Further, to entertain review of decisions made in such matters during military rule will open a floodgate because hundreds, if not thousands, of similar cases were in like manner decided administratively without regard to the doctrine of separation of functions since no constitution was then in operation.
Secondly, such a review by this Court would border on, or almost amount to a violation of Article 97 (a) of the present Constitution which provides that:
“No executive, legislative, judicial or administrative action taken by the People’s Redemption Council or by any persons, whether military or civilian in the name of that Council pursuant to any of its decrees shall be questioned in any proceedings whatsoever; and, accordingly, shall not be lawful for any court or other tribunal to make any order or grant any remedy or relief in respect of any such act.”

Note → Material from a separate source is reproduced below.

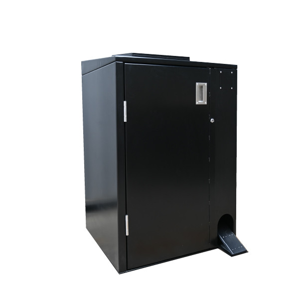 Notre abri-bac est équipé d'une pédale astucieusement positionnée au sol, permettant aux cyclistes d'ouvrir le conteneur en toute simplicité. Il leur suffit de rouler sur la pédale pour déclencher l'ouverture de l'abri-bac biodéchets.

In view of the foregoing, it is our opinion that the ruling of the Chambers Justice be, and the same is hereby reversed, the petition denied, the peremptory writ quashed and the decision ordered enforced with costs against the appellee. And it is so ordered.
Petition denied.
MR. JUSTICE JANGABA dissents.
I have considered that the holding of the Chambers Justice in this matter is sound and commendable for all it says: that the Ministry of Justice is without jurisdiction to hear and determine Labour matters arising from labor relations, nor does it have it with respect to awarding general damages which is exclusively an affair for the jury; and when the enforcement of the illegal judgment of that Ministry, or of any other illegal judgment has not been complete, prohibition will lie to restrain its further enforcement.
The Justice Ministry had a duty to properly advise both the Executive and the party litigants of its lack of jurisdiction in the matter, rather than assume an illegal jurisdiction and attempt to enforce an illegal judgment. The Justice Ministry is supposed to set a better example in such matters as this one.
I am therefore convinced that some successors of ours will certainly decide to ride with the prudence of my judgment in this matter.
Hence, I respectfully register this dissent for the benefit of posterity, and for the sake of my own conscience built out of an understanding of the laws of this jurisdiction.